Limitations & Future Work

  • Dependency on High-Quality Frozen MLLM: The framework relies on InternVL3-2B's representations; whether weaker visual encoders could provide sufficient semantics remains to be verified.
  • Fixed Auxiliary Prompt: A generic fixed prompt was used; the potential space for prompt design design to improve quality was not deeply explored.
  • Scaling Constraints: IOMM-L/XL were not fully trained due to epoch limits; the true ceiling at larger scales is unknown.

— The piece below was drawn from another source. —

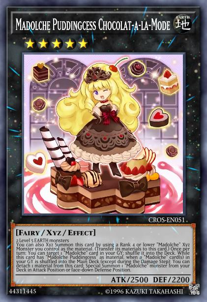 You can also Xyz Summon this card by using a Rank 4 or lower “Madolche” Xyz Monster you control as the material. (Transfer its materials to this card.) Once per turn: You can target 1 “Madolche” card in your GY; shuffle it into the Deck. While this card has “Madolche Puddingcess” as material, when a “Madolche” card(s) in your GY is shuffled into the Main Deck (except during the Damage Step): You can detach 1 material from this card; Special Summon 1 “Madolche” monster from your Deck in Attack Position or face-down Defense Position.

Furthermore, paired data remains essential in hybrid fine-tuning, as image-only tuning fails instruction alignment.
  • vs MetaQuery / BLIP3-o (Frozen MLLM + Learnable Query): These still rely on large-scale pairs for the generative end. IOMM replaces this with image-only self-conditioning and MIM, achieving faster convergence and saving on private data.
  • vs Lumos-T2I (Image-only Pre-training for T2I): While both use image pre-training, Lumos is a specialized T2I model lacking understanding; IOMM is designed for UMMs with understanding+generation and introduces MIM.
  • vs MAE (Masked Auto-encoders): IOMM borrows the "mask-and-predict" concept but applies it to prevent self-conditioning degeneration rather than just learning discriminative representations.

Rating

  • Novelty: ⭐⭐⭐⭐⭐ The "Image as Condition + MIM" paradigm shift removes dependency on image-text pairs for pre-training.
  • Experimental Thoroughness: ⭐⭐⭐⭐⭐ Systematic ablation of six data recipes, multi-benchmark testing, and generalization to OpenUni/Qwen-Image.
  • Writing Quality: ⭐⭐⭐⭐ Motives and ablations are clear, though minor inconsistencies exist in decimal reporting (0.88 vs 0.89).
  • Value: ⭐⭐⭐⭐⭐ Reaching SOTA with only ~1050 H800h and public data is highly significant for low-cost, reproducible UMM training.